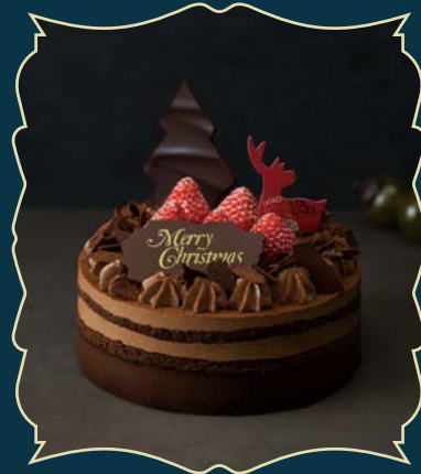
FORÊT CHOCOLAT NOËL フォレショコラノエル
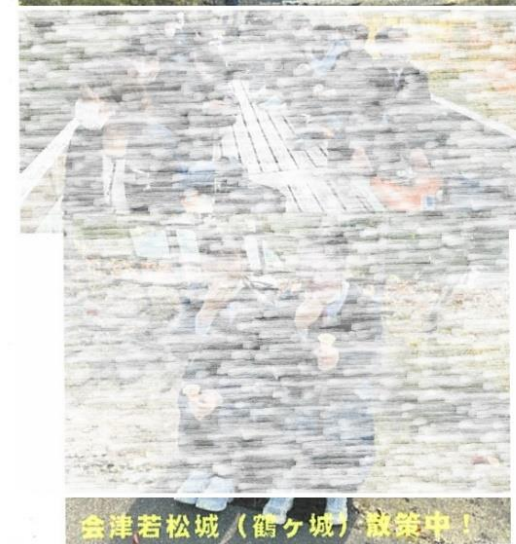
会津若松城(鶴ヶ城) 敷設中!
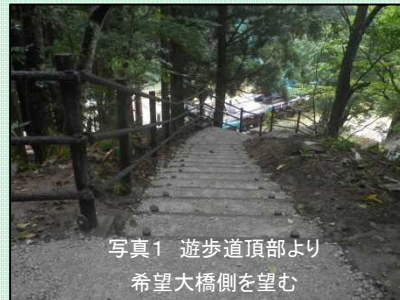
写真1 遊歩道頂部より 希望大橋側を望む
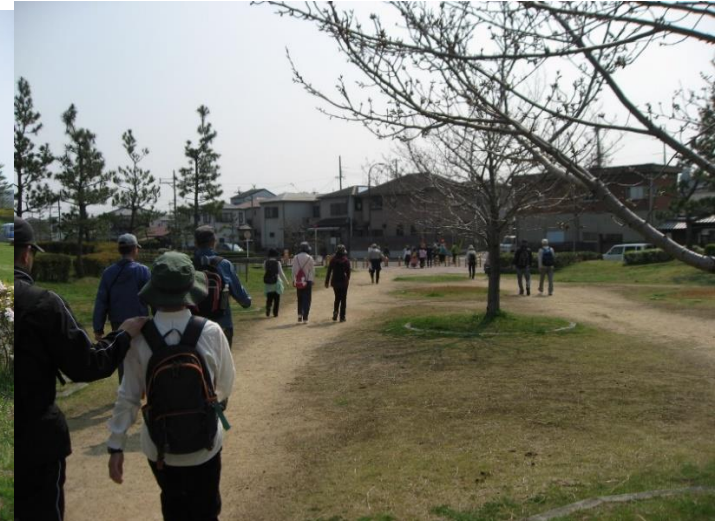
りんくう緑地遊歩道を更に進み、りんくう緑地野出町の北端を右折する。
........
_Instructions for the task_
Retype the whole listing exactly. Do not include the pictures.

_Result of this exercise_
FORÊT CHOCOLAT NOËL フォレショコラノエル
会津若松城(鶴ヶ城) 敷設中!
写真1 遊歩道頂部より 希望大橋側を望む
りんくう緑地遊歩道を更に進み、りんくう緑地野出町の北端を右折する。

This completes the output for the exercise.